Data records: Begin

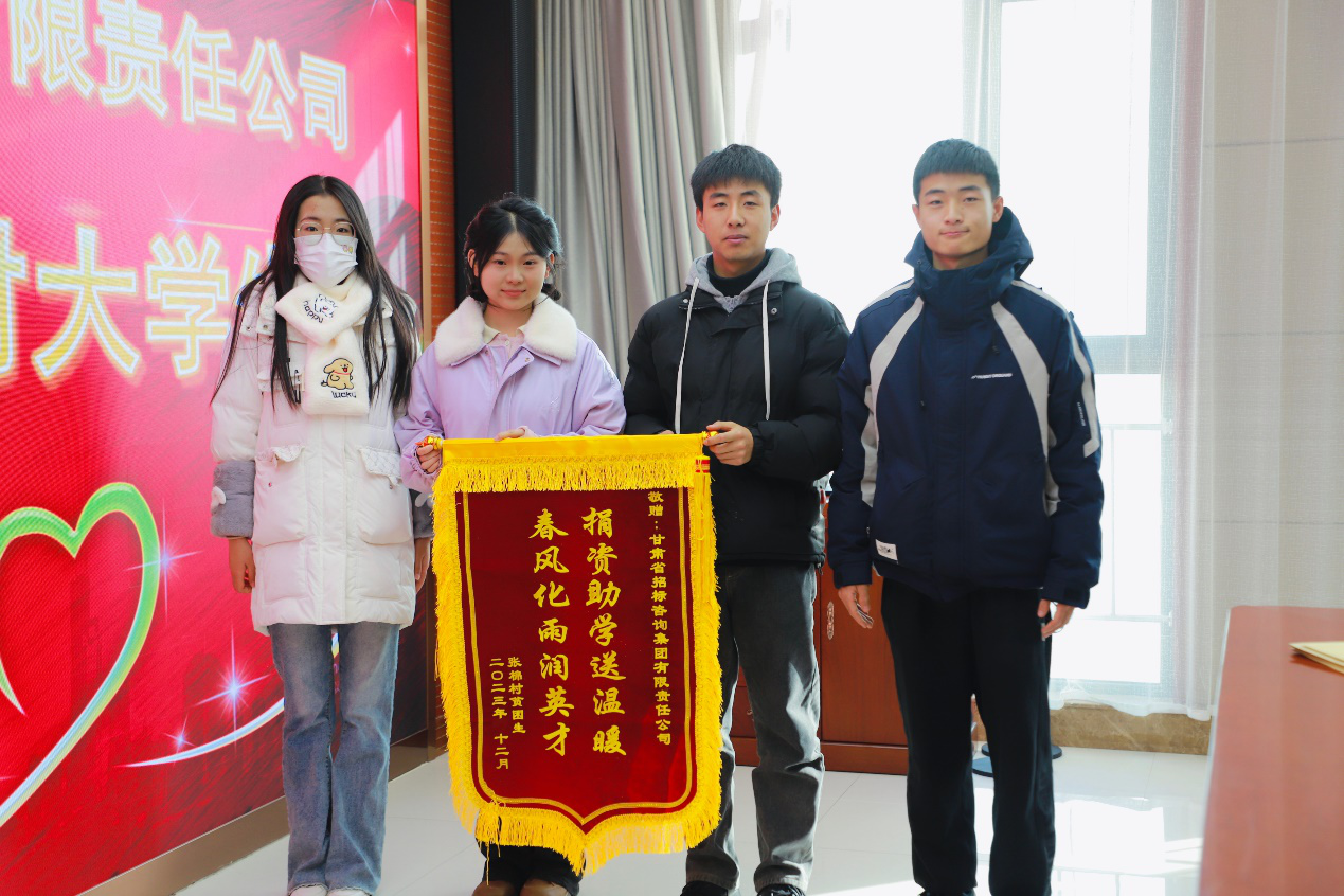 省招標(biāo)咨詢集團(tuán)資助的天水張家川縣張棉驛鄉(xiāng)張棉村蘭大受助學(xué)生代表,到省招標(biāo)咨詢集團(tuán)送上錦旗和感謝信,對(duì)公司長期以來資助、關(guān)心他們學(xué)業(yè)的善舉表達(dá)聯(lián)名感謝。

Data records: End
Data records: Begin

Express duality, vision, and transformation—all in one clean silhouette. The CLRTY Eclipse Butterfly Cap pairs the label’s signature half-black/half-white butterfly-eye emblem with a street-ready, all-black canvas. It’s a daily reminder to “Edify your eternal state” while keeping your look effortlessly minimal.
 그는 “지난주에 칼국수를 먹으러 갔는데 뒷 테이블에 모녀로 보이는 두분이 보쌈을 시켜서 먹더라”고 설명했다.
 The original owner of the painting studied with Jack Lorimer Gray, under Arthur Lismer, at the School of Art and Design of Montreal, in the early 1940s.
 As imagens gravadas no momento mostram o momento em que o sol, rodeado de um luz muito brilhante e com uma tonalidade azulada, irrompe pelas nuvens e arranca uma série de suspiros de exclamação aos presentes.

Data records: End

Task statement: Looking at the entries above, can you reproduce exactly the lines from the one that holds "The original owner" through the one that holds "As imagens gravadas", and only those?

Answer to this exercise:
 The original owner of the painting studied with Jack Lorimer Gray, under Arthur Lismer, at the School of Art and Design of Montreal, in the early 1940s.
 As imagens gravadas no momento mostram o momento em que o sol, rodeado de um luz muito brilhante e com uma tonalidade azulada, irrompe pelas nuvens e arranca uma série de suspiros de exclamação aos presentes.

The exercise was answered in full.